Required for https://github.com/ipfs/go-ipfs/issues/6776
Ex what ipfs-search does:
curl http://localhost:8081/ipfs/QmS4ustL54uo8FzR9455qaxZwuMiUhyvMcX9Ba8nUH4uVv/readme
Potential solution: Just return the page with the redirect response but set the "Clear-Site-Data" header. CURL will download the page and won't follow the redirect (and will even politely exit with a zero status by default). Browsers should follow the redirect.
@Stebalien I implemented that idea (Option A - see https://github.com/ipfs/go-ipfs/pull/6982). Let me know what you think.
Personally I don't feel too confident with it, produces valid responses, but feels like a hack that could bite us in the future.
What if we go with a much simpler hack (Option B - see https://github.com/ipfs/go-ipfs/pull/6984)
User-Agent match ^(curl|wget)/iClear-Site-Data headerWould it be worse than A? I feel it is a bit safer and more explicit behavior.
My concern is that there are probably other tools that don't follow redirects either (although this looks rare). Option A is the most general option available, as far as I know, and it doesn't rely on user agent sniffing.
If it does bite us, I believe we can switch to option B in the future, right?
I feel it is a bit safer and more explicit behavior.
How?
I'm fine just white listing curl if option A causes issues, it's just that user-agent sniffing makes me uncomfortable.

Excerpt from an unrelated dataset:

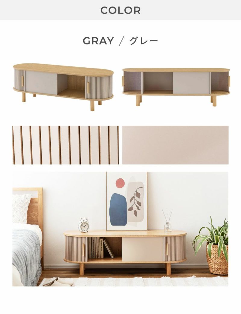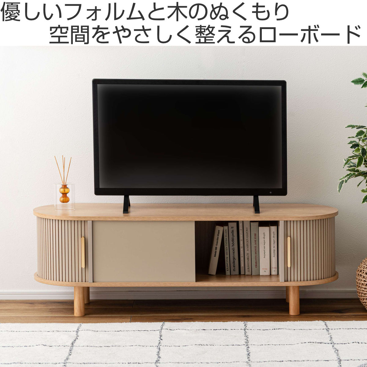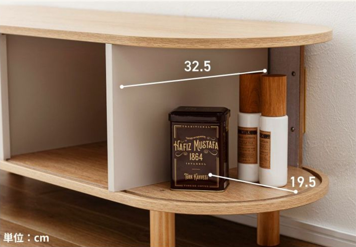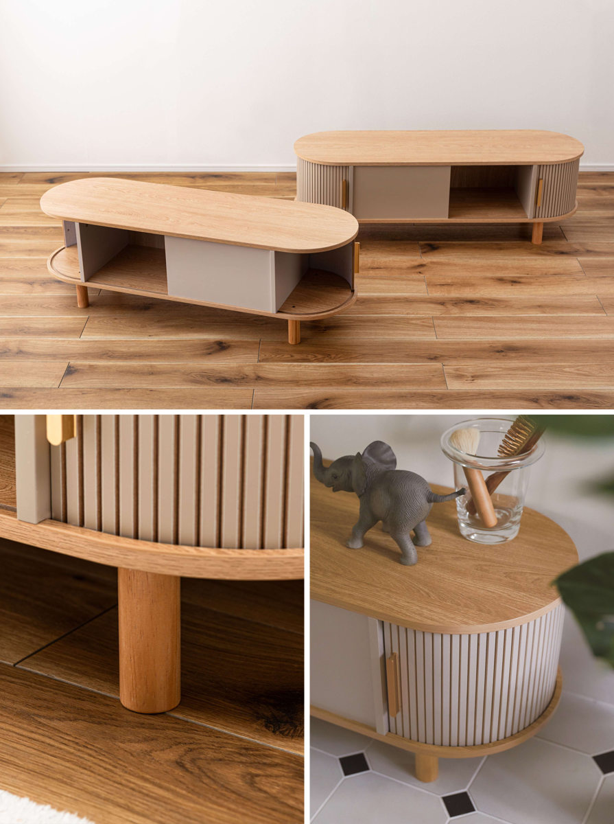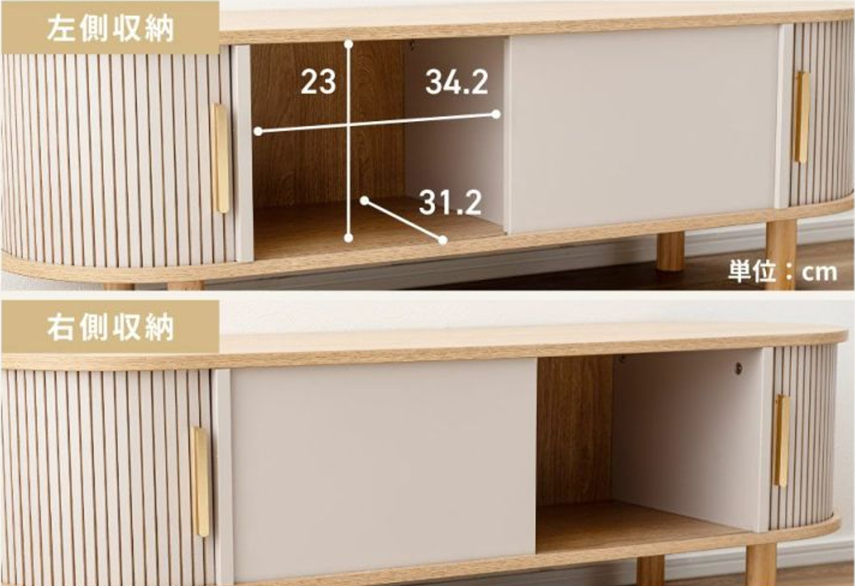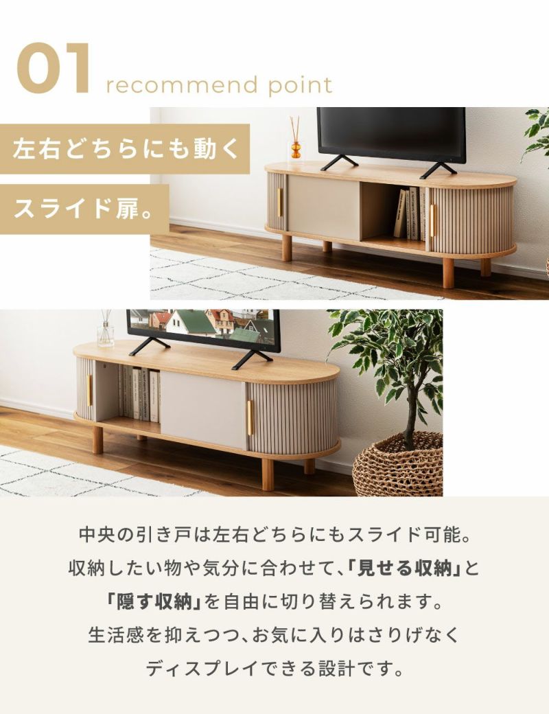 優雅なカーブを描くシルエットに表情豊かなリブデザイン扉を組み合わせた、個性的なデザインのローボードです。テレビ周りを整えつつ、お部屋に自然な華やかさをもたらしてくれます。

I feel [user-agent sniff] is a bit safer and more explicit behavior.
How?
In my mind User-Agent sniff (B) would be bit "safer" because if it breaks something, user can change/remove User-Agent sent to go-ipfs and control gateway behavior that way:
$ curl -H "User-Agent:"
If there is an issue with redirect+payload (A) user can't easily fix it on the client side alone, they need to either wait for new go-ipfs or put a reverse proxy in front of go-ipfs and fix responses on the fly.
To be fair both hacks feel bit bad to me and I'd rather ask people to fix their curl scripts by adding -L or simply switching from localhost to 127.0.0.1 which remains path gateway anyway (C).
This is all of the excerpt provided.